WORK REQUEST: Repeat the listing below exactly. Pictures do not belong in the copy.

EXERCISE DATA:

================================

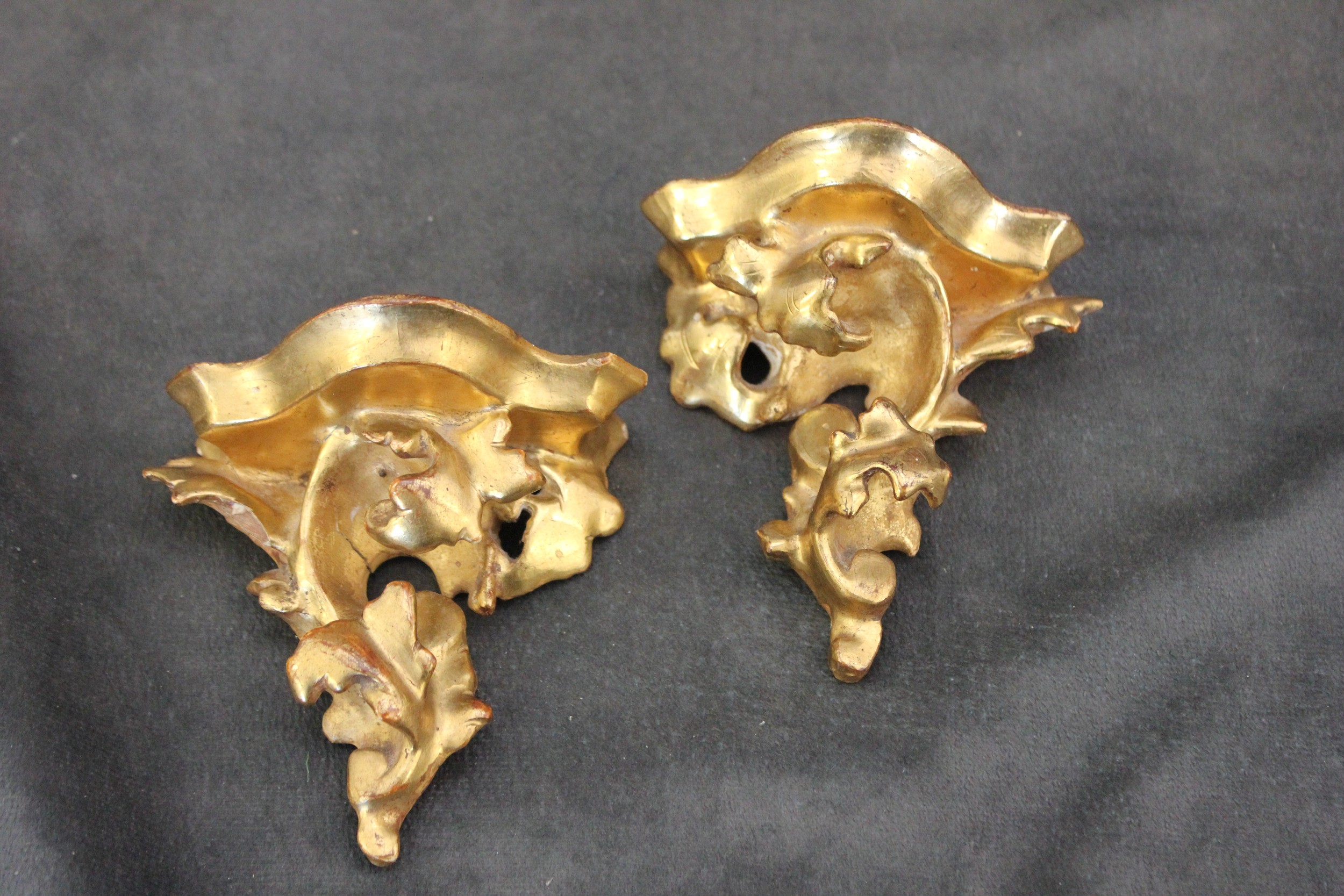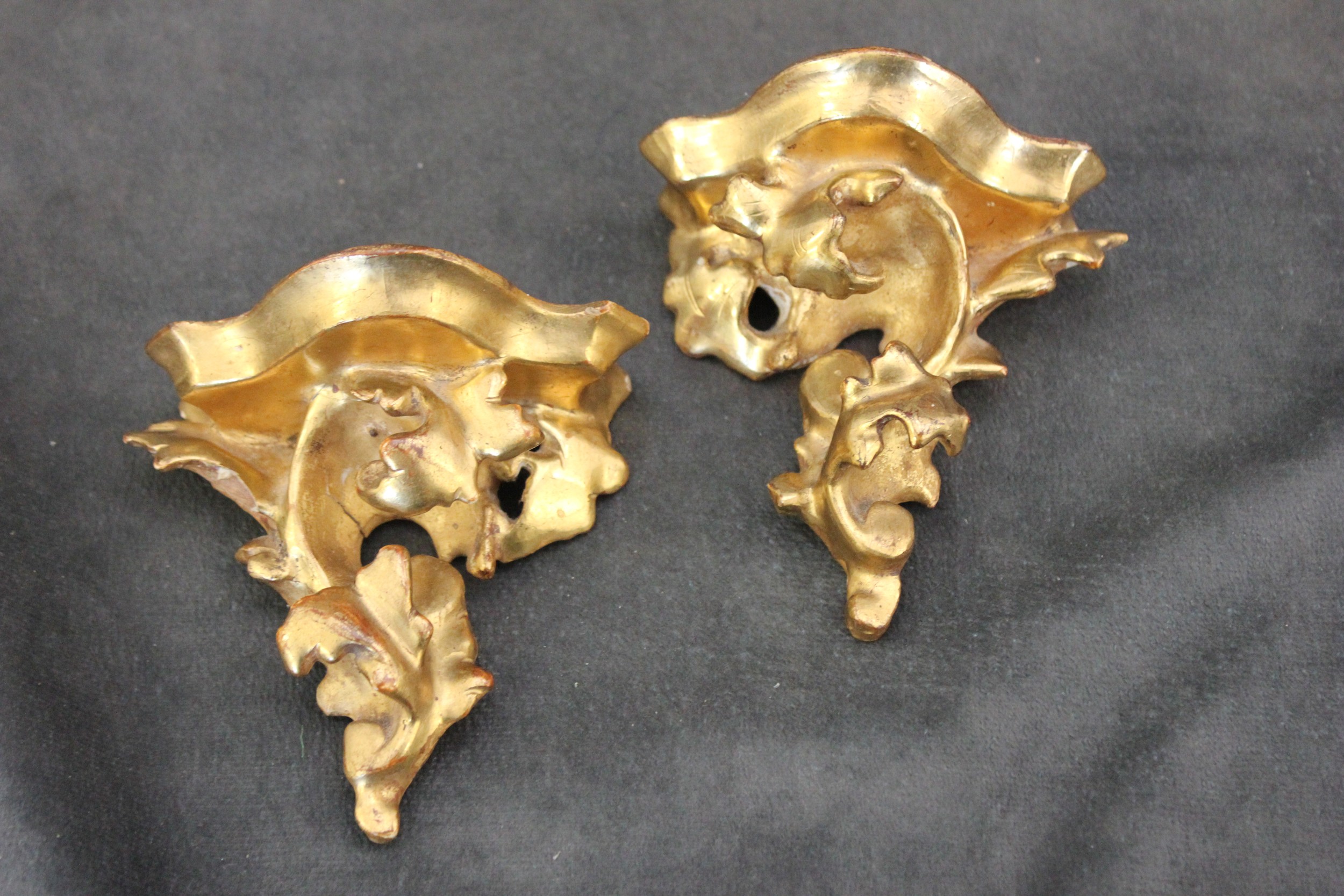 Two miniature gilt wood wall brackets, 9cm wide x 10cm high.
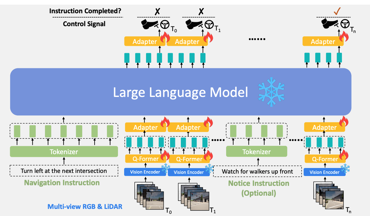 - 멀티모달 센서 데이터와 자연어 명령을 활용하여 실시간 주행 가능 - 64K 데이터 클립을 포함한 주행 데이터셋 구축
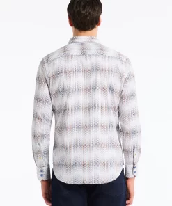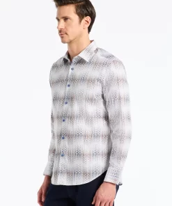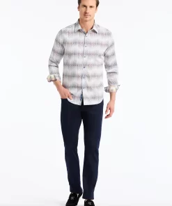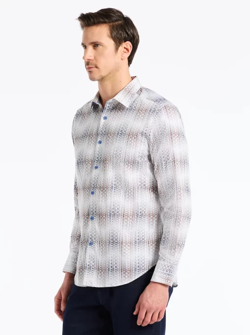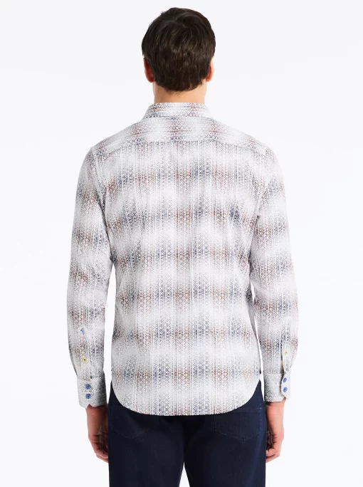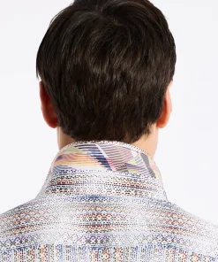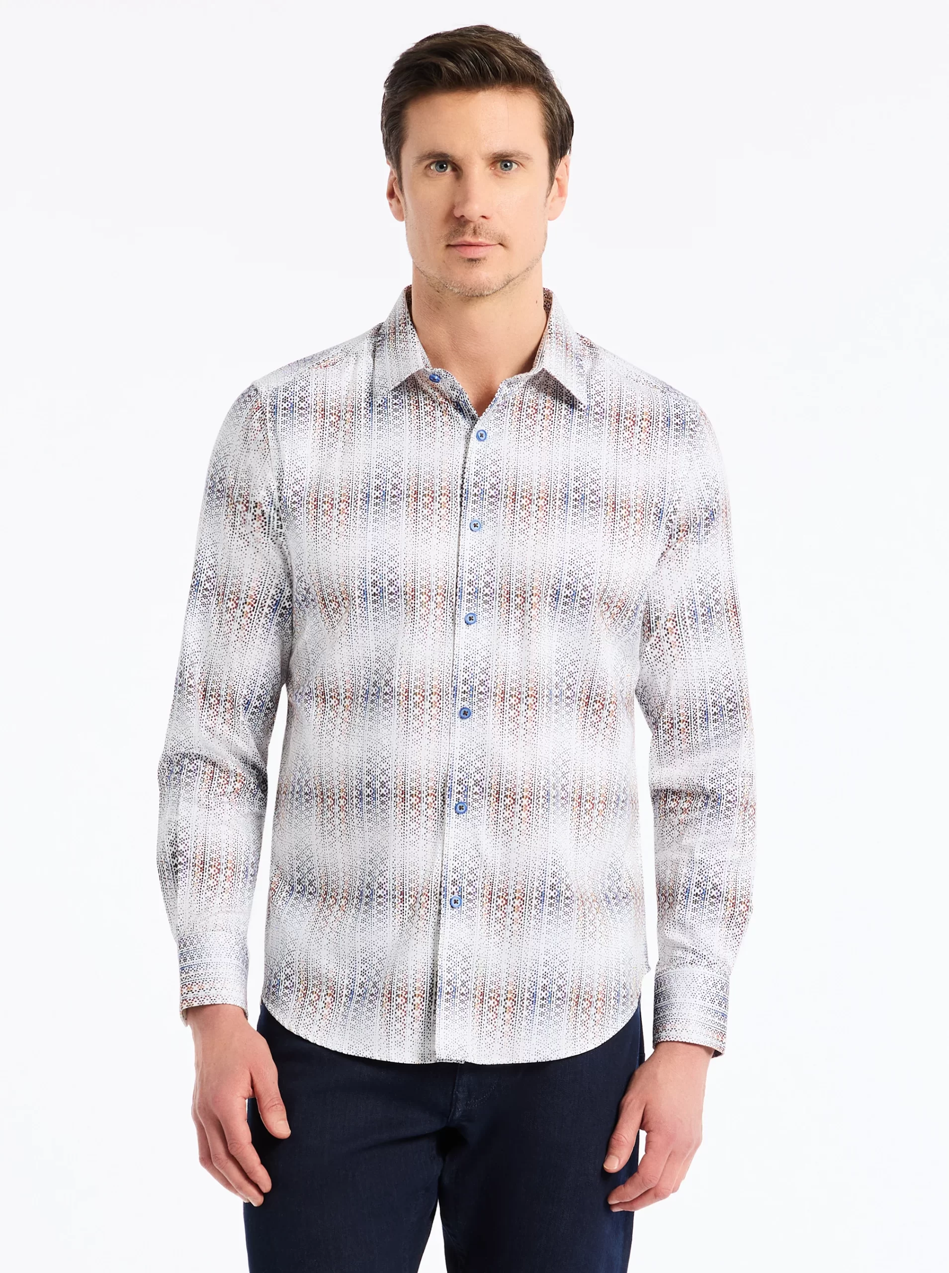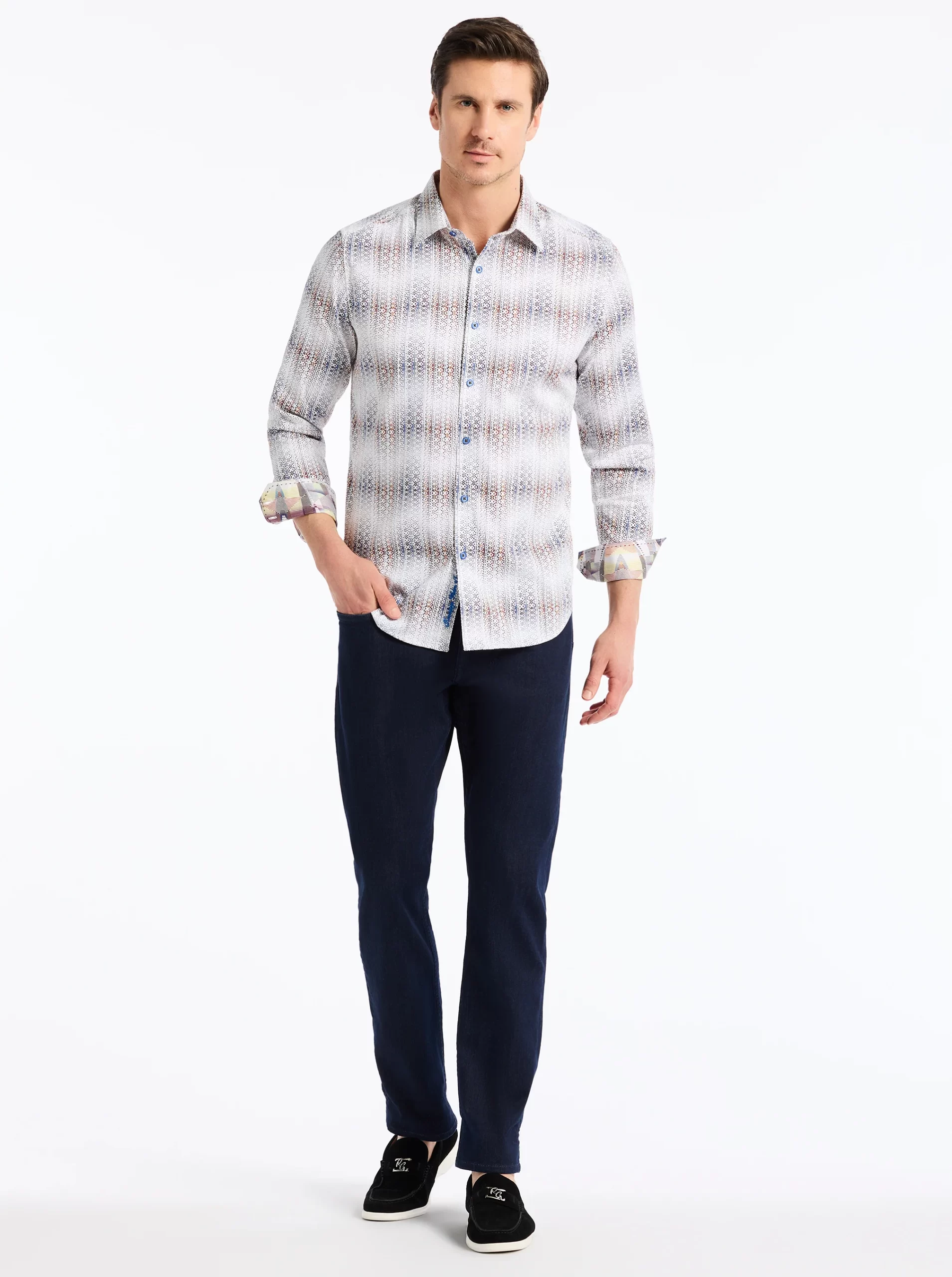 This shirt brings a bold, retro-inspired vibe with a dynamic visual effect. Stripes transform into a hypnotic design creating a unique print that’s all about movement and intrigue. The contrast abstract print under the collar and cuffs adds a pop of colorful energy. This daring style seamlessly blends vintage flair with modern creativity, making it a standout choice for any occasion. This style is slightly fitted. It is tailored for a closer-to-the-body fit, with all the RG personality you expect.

================================

OUTPUT:
 Two miniature gilt wood wall brackets, 9cm wide x 10cm high.
 - 멀티모달 센서 데이터와 자연어 명령을 활용하여 실시간 주행 가능 - 64K 데이터 클립을 포함한 주행 데이터셋 구축
 This shirt brings a bold, retro-inspired vibe with a dynamic visual effect. Stripes transform into a hypnotic design creating a unique print that’s all about movement and intrigue. The contrast abstract print under the collar and cuffs adds a pop of colorful energy. This daring style seamlessly blends vintage flair with modern creativity, making it a standout choice for any occasion. This style is slightly fitted. It is tailored for a closer-to-the-body fit, with all the RG personality you expect.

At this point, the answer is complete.